Instead, modern medicine maintains that the average, healthy person can get all the nutrients he or she needs by eating a balanced diet.

It’s a view taught to doctors at medical schools-which often devote just a day out of a five-year training programme to nutrition-and one supported by drugs regulators such as America’s Food and Drug Administration (FDA). As the UK’s National Health Service (NHS) states categorically on its website: “Most people can get all the vitamins and minerals they need by eating a balanced, varied diet.”

Vitamin and mineral supplements are, according to this view, a waste of money. Worse, they can kill you, as headline-grabbing studies occasionally tell us. The latest-the Iowa Women’s Health Study-con-cludes that older women who supplement their diet increase their risk of dying at a younger age than those who don’t take supplements. Iron supplements appear to pose the greatest risk (Arch Intern Med, 2011; 171: 1625-33).

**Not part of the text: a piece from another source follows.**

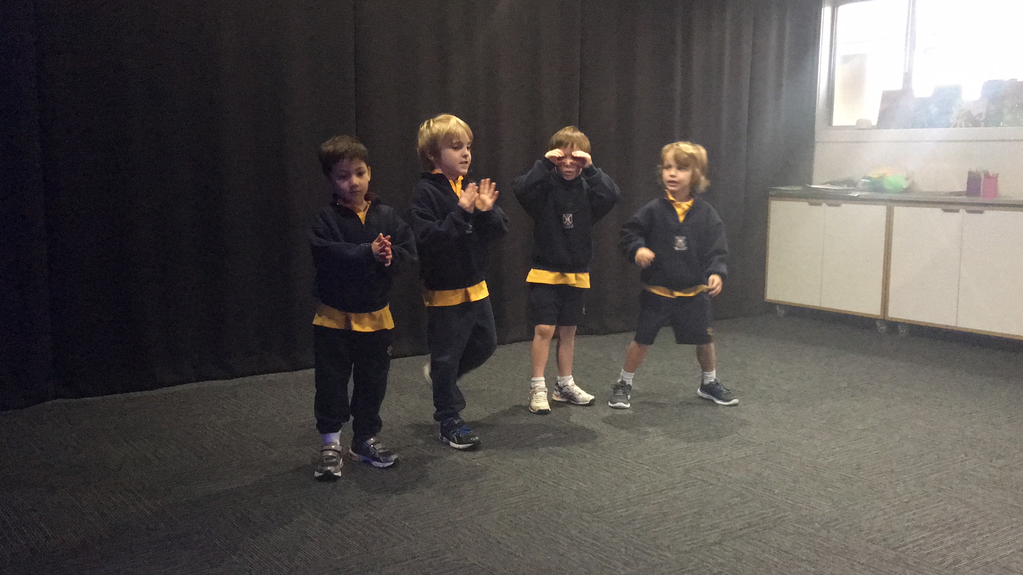 Inspired by a recent bush school experience, the Pre-Primary boys have been inquiring into different movements and sounds associated with jungles. We began by reading a few pages out of the book Jungle Days, Jungle Nights. Individually, the boys drew one picture for each of the following categories: weather, people, animals and plants. These prompted many interesting discussions as they improvised and suggested movements and sounds for each of their pictures. Next, the boys joined in groups of four to create a performance. The boys discussed performance etiquette including standing still at the beginning and end to let the audience know when it was time to be entertained, and when it was time to give a round of applause.

In 2008, the influential Cochrane Collaboration came to a similar conclusion that also dominated the news agenda for days afterwards. The Cochrane researchers discovered, in a meta-analysis of 67 medical trials, that people who took a high-dose antioxidant, such as vitamin A, beta-carotene (converted by the body into vitamin A) or E, were more likely to die than those who didn’t take a supplement (Cochrane Database Syst Rev, 2008, 2: CD007176).

With these studies as a backdrop, the European Union is currently deliberating on the potency of vitamin and mineral supplements that can be sold in stores throughout Europe. The Alliance for Natural Health (ANH), a lobby group, fears the ‘maximum permitted levels’ (MPLs) of supplements will be set very low, and will have no therapeutic value.

The FDA is putting forward proposals to restrict the sale of nutritional products available in stores in the US, and even blocking those that have been introduced within the past 20 years until they pass prohibitively expensive trials.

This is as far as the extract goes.